When is the best time to take Pterostilbene?

Pterostilbene can typically be taken with breakfast or dinner — taking with food reduces GI sensitivity for most supplements. Specific timing matters less than daily consistency for cumulative effects. Always check product labeling and follow personalized guidance from your healthcare provider.

Is Pterostilbene worth taking?

Pterostilbene has limited clinical evidence (Evidence Level 2/5 on NutraSmarts) — preliminary research suggests potential benefit, but more rigorous trials are needed. Whether it's worth taking depends on your specific goals, what you've already tried, your budget, and your overall supplement strategy. The honest framing: no supplement is essential for most people, and lifestyle factors (sleep, exercise, diet, stress management) typically produce larger effects than any single supplement. Pterostilbene is most worth trying if its evidence-supported uses align with your specific goals.

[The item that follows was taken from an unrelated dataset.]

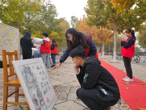 10月26日至10月28日,星行社组织志愿者前往启音特殊儿童康复中心协助孩子们完成半幅书画作品。随后,星行社邀请淄博本地知名书画艺术家以及本校美术公司优秀员工、本校艺术爱好者在孩子们半幅书画作品的基础上完成整幅作品的创作。最后,由社团组织志愿者完成书画作品的整理和装裱。11月1日,星行社在第三体育场进行书画展览,通过张贴爱心便利贴或题字的方式为孩子们送去祝福与鼓励。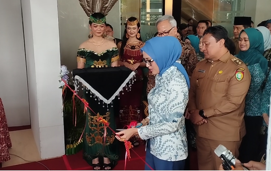 Foto: Ketua Tim Penggerak PKK Provinsi Kalteng, Yulistra Ivo Sugianto Sabran saat memotong pita tanda dimulainya pameran inovasi penurunan Stunting tingkat Kalteng 2024.

What is the recommended dosage of Pterostilbene?

The clinically studied dose for Pterostilbene is 50-250 mg/day; trial used 125 mg twice daily (250 mg/day total). Always follow product labeling and consult a healthcare provider for personalized dosing recommendations.

What is Pterostilbene used for?

Pterostilbene is studied for better bioavailability than resveratrol, cognitive function support, cardiovascular effects. Pterostilbene has 80% oral bioavailability vs ~20% for resveratrol — due to dimethylated structure resisting first-pass metabolism. Half-life ~7 hours (vs <1 hour for resveratrol).